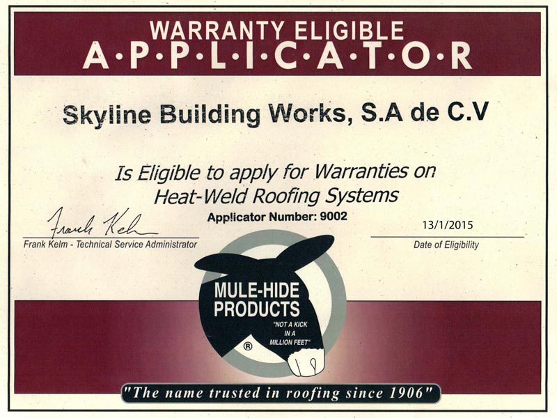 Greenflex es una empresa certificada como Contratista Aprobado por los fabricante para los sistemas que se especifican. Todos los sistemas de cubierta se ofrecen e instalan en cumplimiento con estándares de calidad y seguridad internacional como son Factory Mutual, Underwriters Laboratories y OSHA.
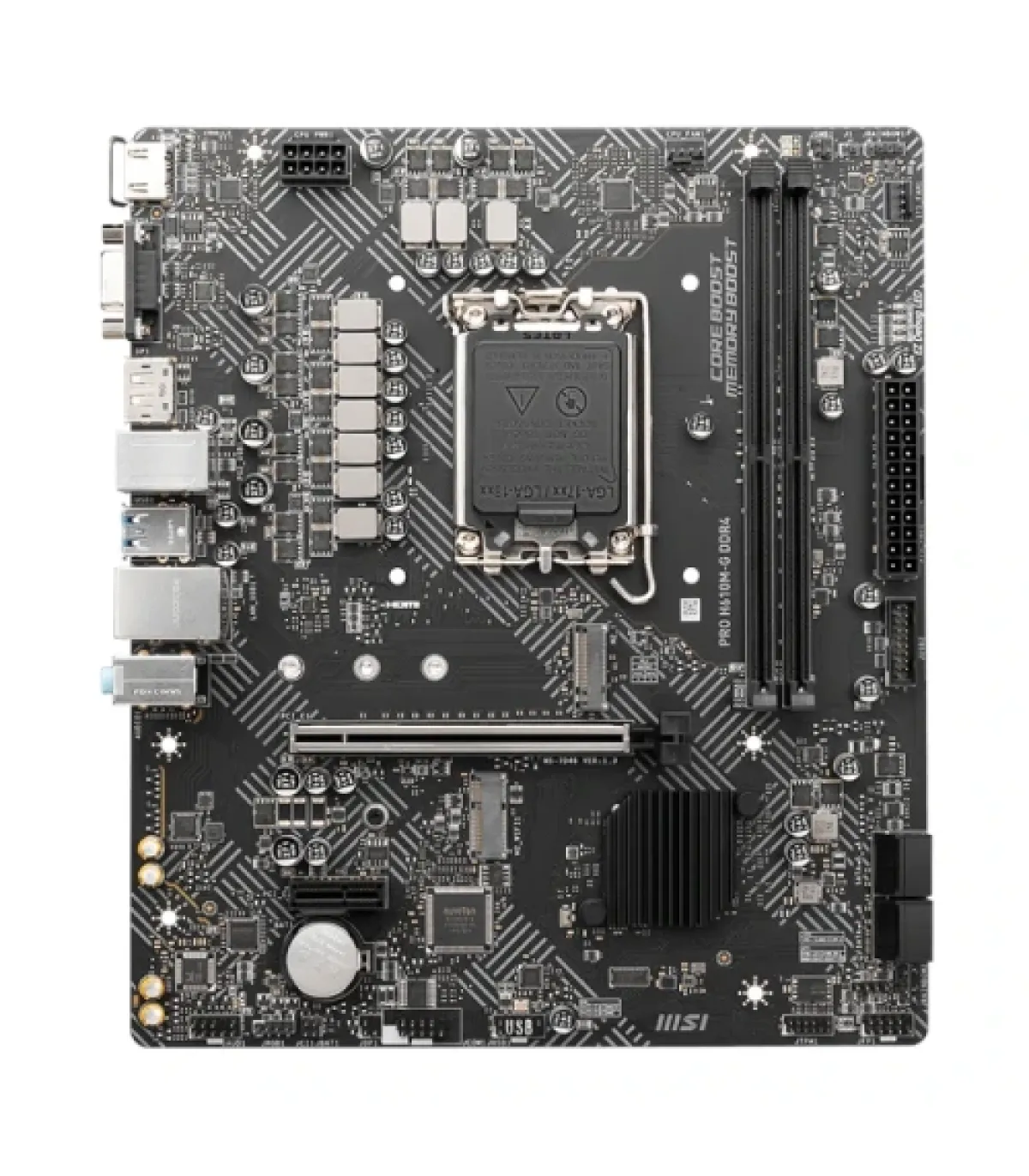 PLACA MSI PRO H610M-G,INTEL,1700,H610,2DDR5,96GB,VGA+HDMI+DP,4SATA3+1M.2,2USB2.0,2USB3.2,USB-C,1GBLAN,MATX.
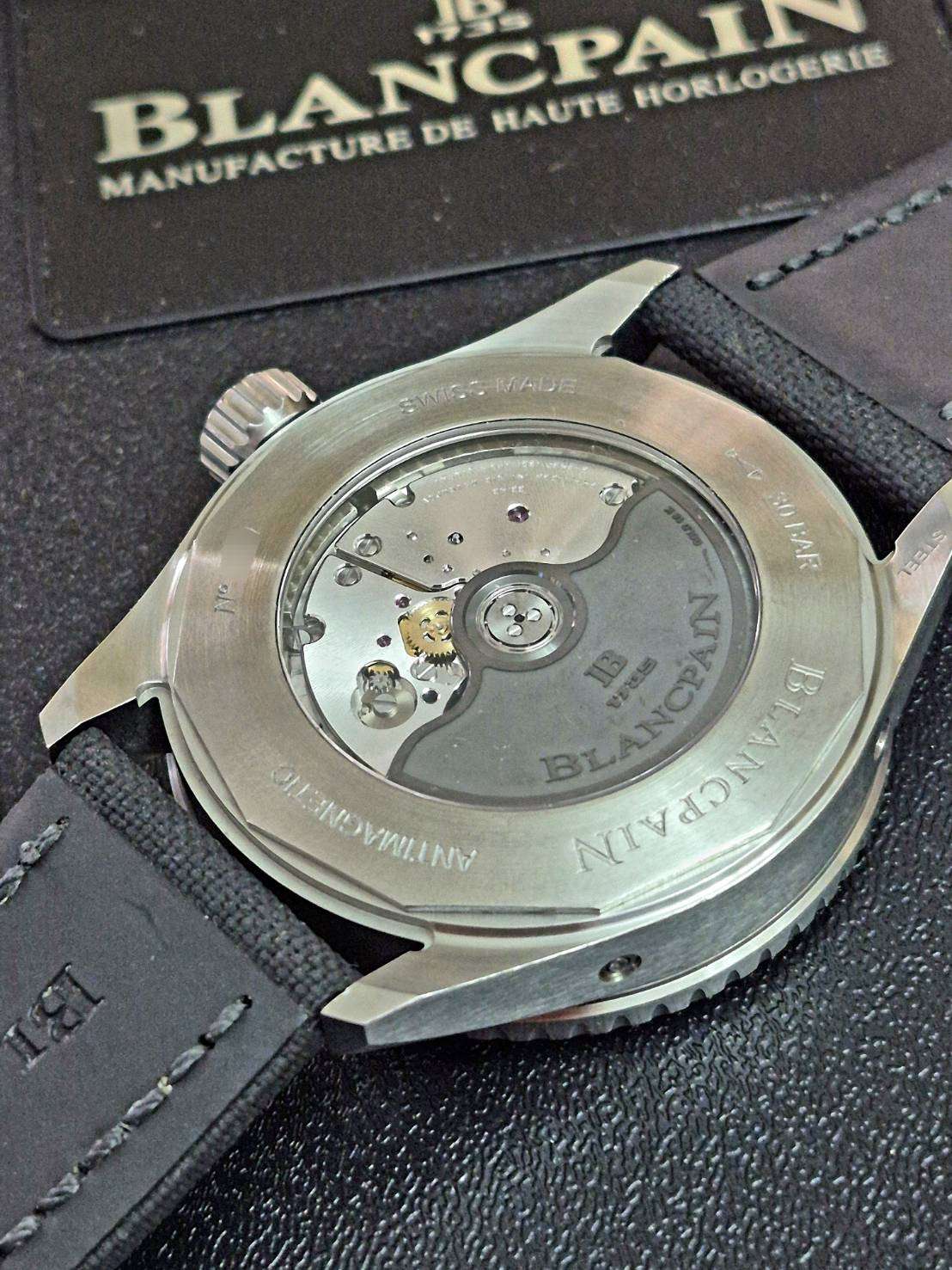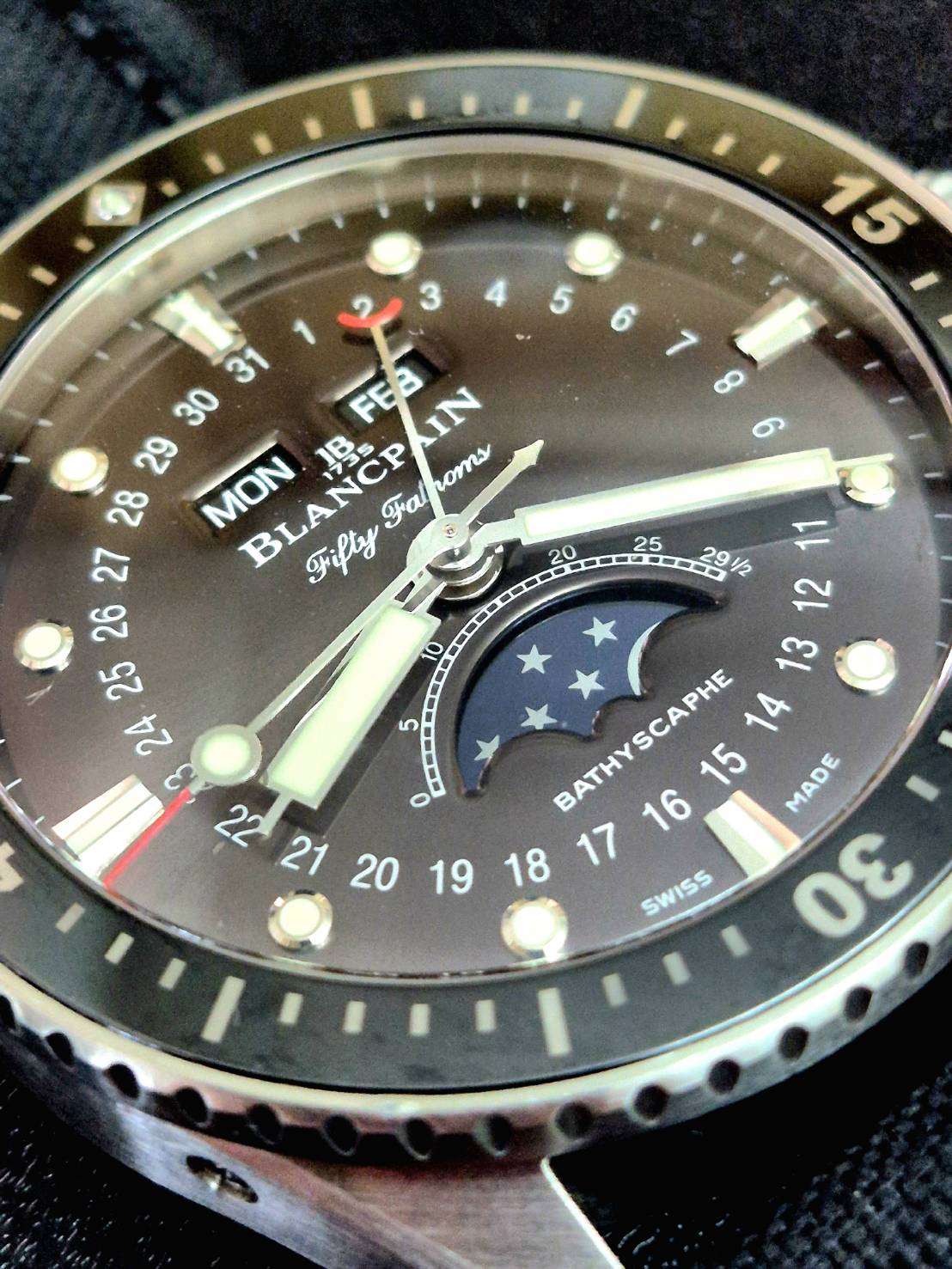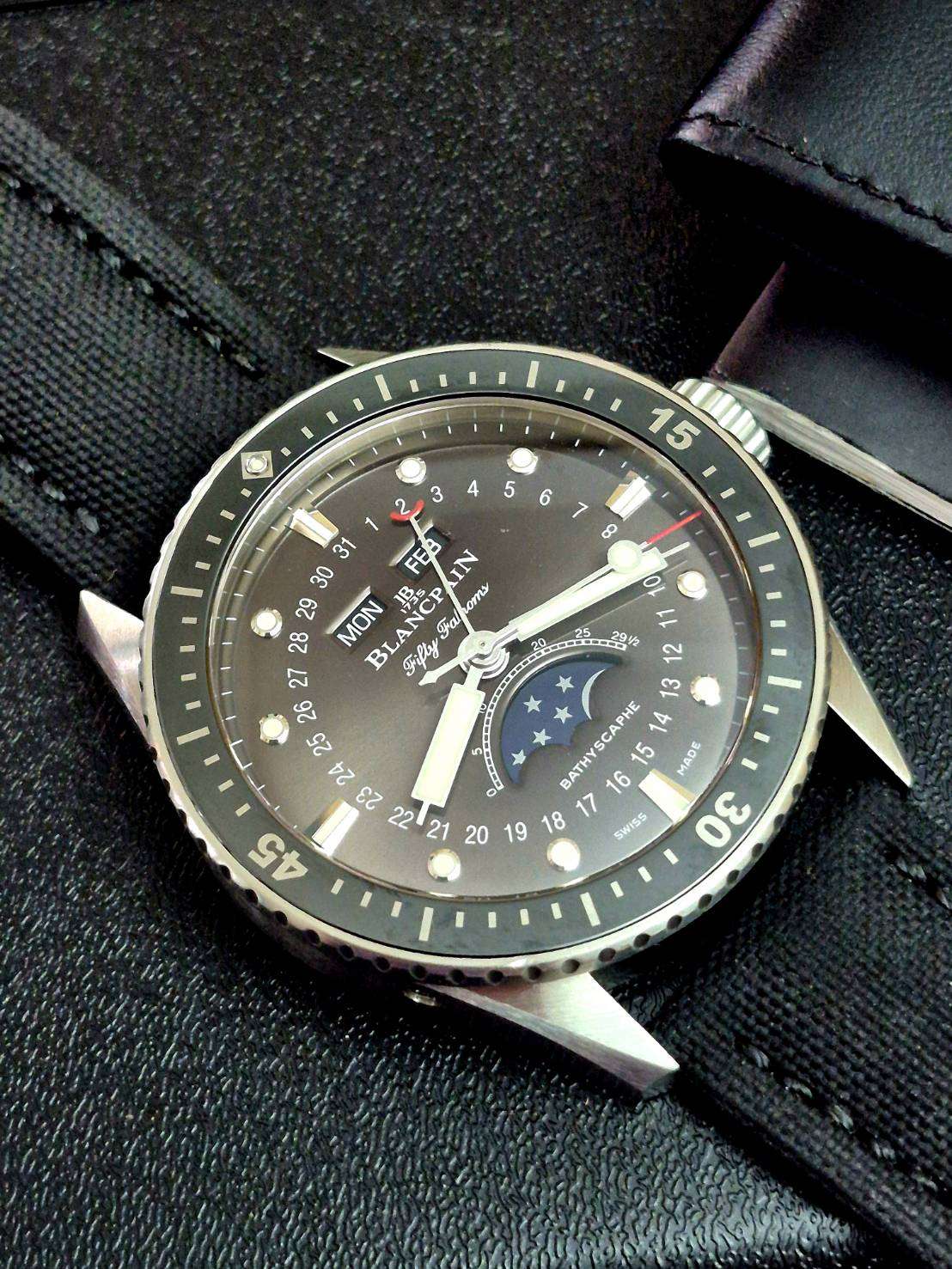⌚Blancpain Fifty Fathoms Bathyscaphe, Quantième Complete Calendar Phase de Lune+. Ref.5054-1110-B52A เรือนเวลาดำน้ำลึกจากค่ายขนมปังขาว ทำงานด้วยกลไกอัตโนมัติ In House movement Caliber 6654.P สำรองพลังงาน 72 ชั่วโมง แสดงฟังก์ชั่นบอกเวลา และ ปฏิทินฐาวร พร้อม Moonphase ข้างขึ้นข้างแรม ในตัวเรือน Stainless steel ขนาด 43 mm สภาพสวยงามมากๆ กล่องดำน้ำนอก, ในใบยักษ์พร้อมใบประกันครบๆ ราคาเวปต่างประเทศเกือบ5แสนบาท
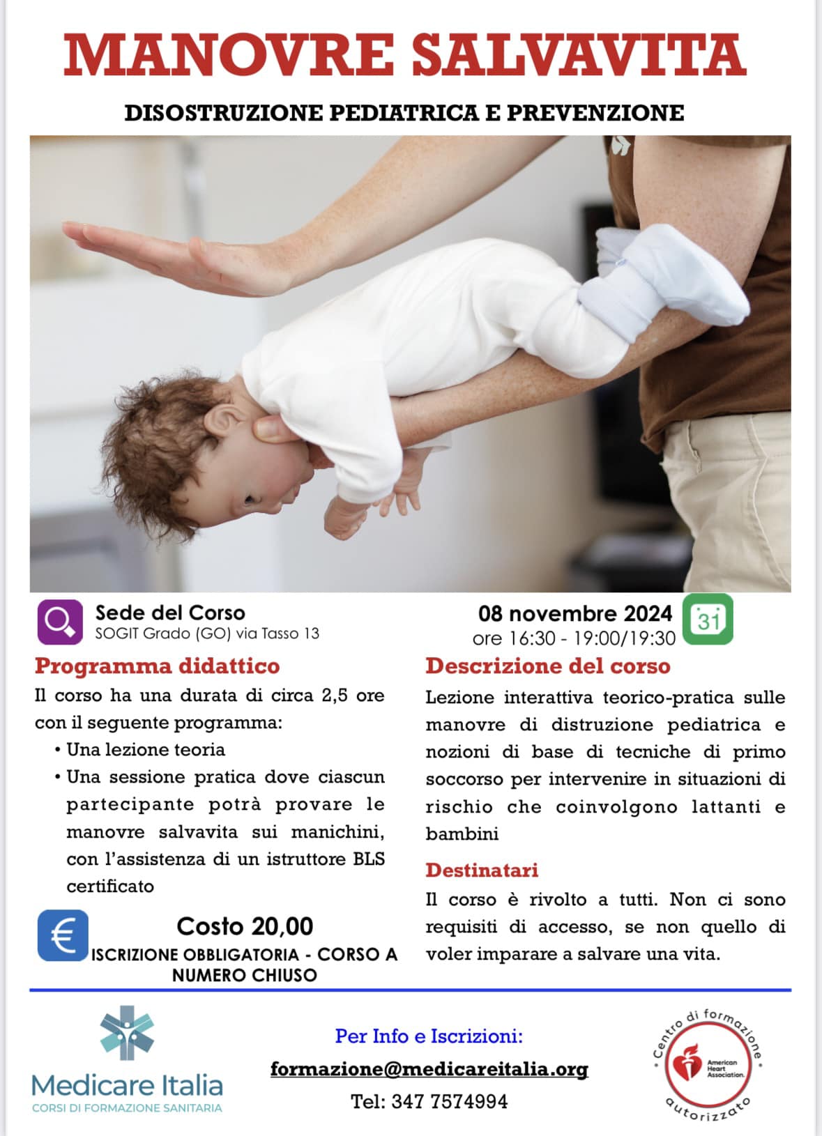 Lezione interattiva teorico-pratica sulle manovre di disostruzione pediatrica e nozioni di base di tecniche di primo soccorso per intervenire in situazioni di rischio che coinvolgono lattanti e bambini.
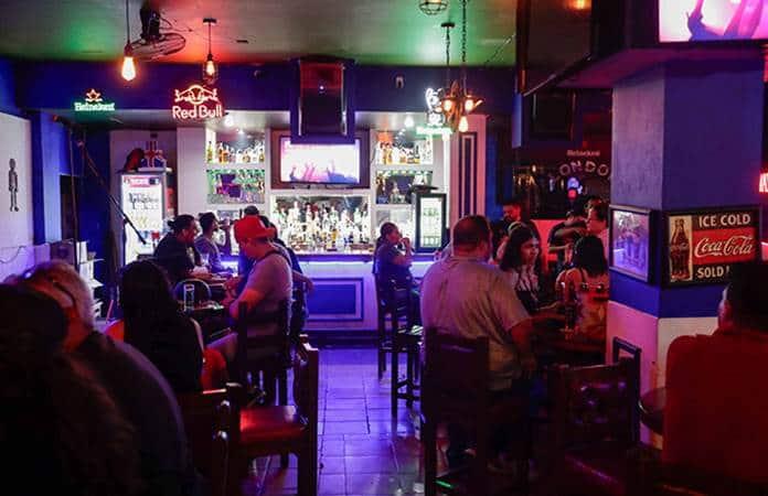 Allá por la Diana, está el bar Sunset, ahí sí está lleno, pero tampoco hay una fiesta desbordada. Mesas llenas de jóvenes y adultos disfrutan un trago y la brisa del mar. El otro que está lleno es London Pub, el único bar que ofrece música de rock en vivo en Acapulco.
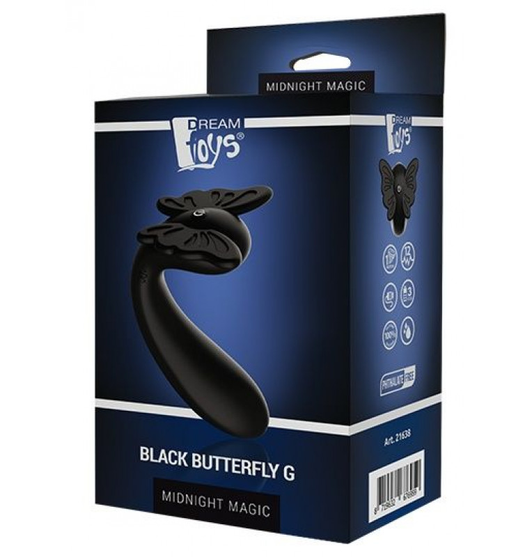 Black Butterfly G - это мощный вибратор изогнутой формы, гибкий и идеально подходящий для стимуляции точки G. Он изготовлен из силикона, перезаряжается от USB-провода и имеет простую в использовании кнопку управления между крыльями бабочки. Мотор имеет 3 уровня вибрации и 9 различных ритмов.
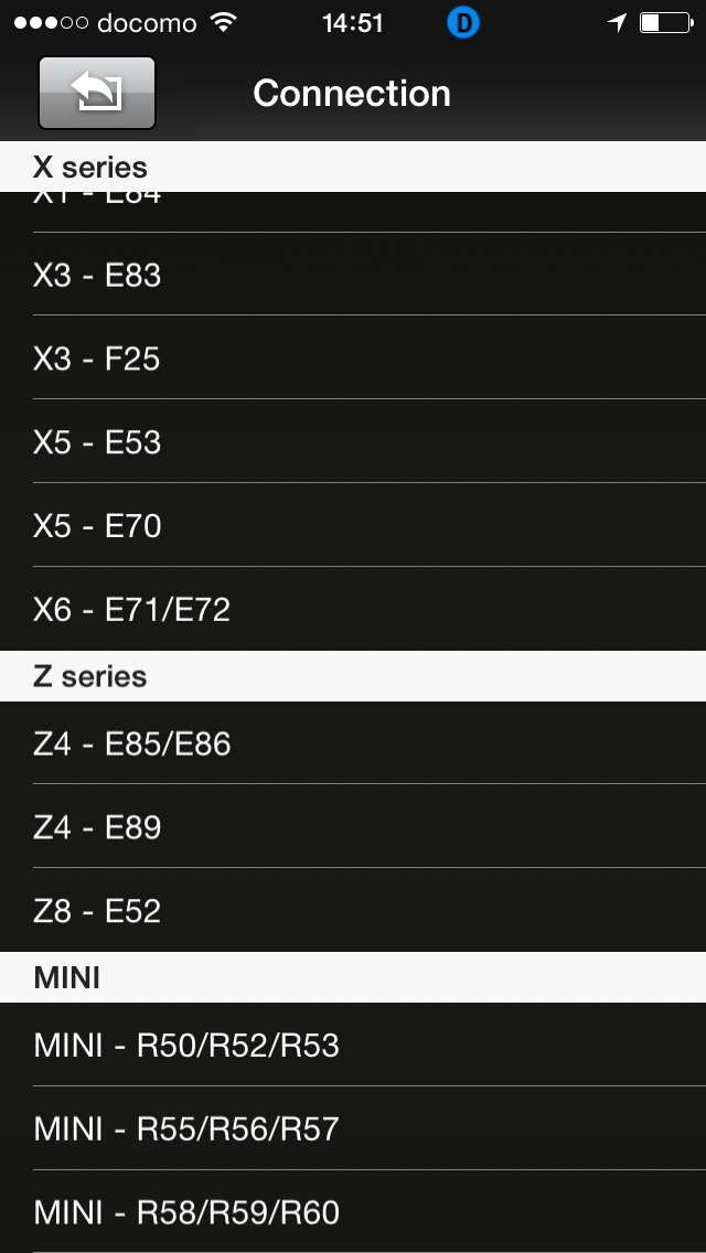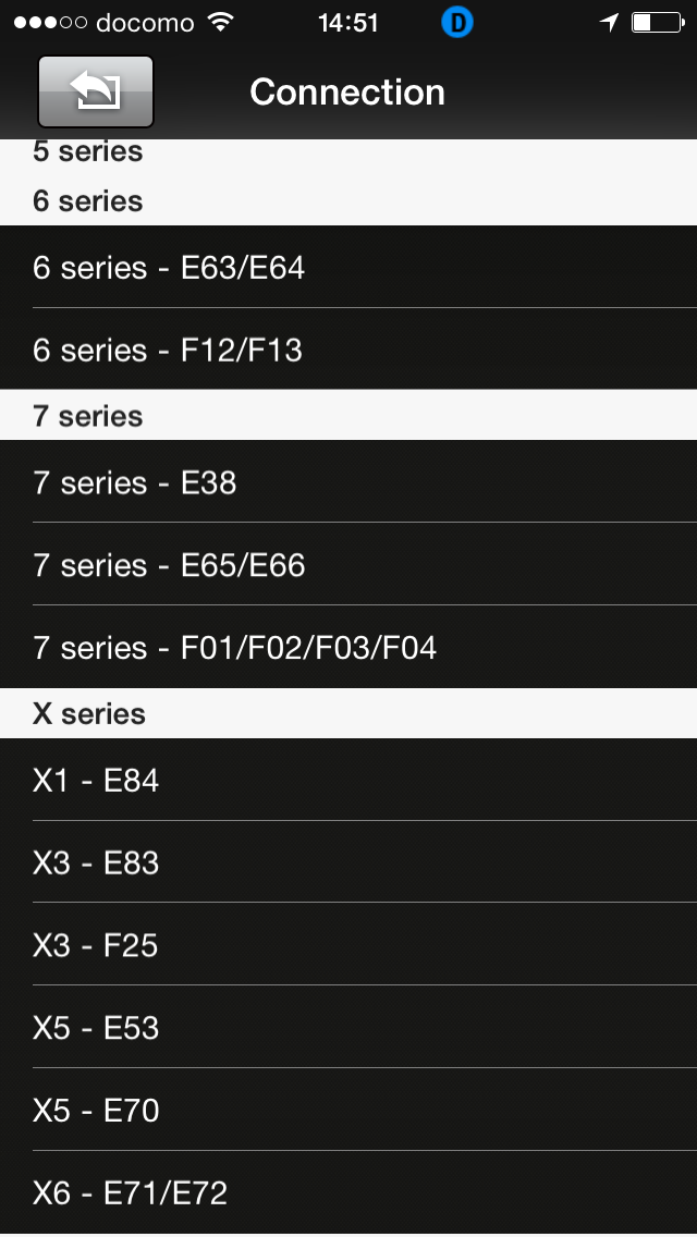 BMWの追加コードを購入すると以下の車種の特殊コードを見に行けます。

- Try it -
Extract, word for word, each line from the top of the data down to and including the line with "Lezione interattiva teorico-pratica"; skip the pictures.

- Answer to this task -
 Greenflex es una empresa certificada como Contratista Aprobado por los fabricante para los sistemas que se especifican. Todos los sistemas de cubierta se ofrecen e instalan en cumplimiento con estándares de calidad y seguridad internacional como son Factory Mutual, Underwriters Laboratories y OSHA.
 PLACA MSI PRO H610M-G,INTEL,1700,H610,2DDR5,96GB,VGA+HDMI+DP,4SATA3+1M.2,2USB2.0,2USB3.2,USB-C,1GBLAN,MATX.
⌚Blancpain Fifty Fathoms Bathyscaphe, Quantième Complete Calendar Phase de Lune+. Ref.5054-1110-B52A เรือนเวลาดำน้ำลึกจากค่ายขนมปังขาว ทำงานด้วยกลไกอัตโนมัติ In House movement Caliber 6654.P สำรองพลังงาน 72 ชั่วโมง แสดงฟังก์ชั่นบอกเวลา และ ปฏิทินฐาวร พร้อม Moonphase ข้างขึ้นข้างแรม ในตัวเรือน Stainless steel ขนาด 43 mm สภาพสวยงามมากๆ กล่องดำน้ำนอก, ในใบยักษ์พร้อมใบประกันครบๆ ราคาเวปต่างประเทศเกือบ5แสนบาท
 Lezione interattiva teorico-pratica sulle manovre di disostruzione pediatrica e nozioni di base di tecniche di primo soccorso per intervenire in situazioni di rischio che coinvolgono lattanti e bambini.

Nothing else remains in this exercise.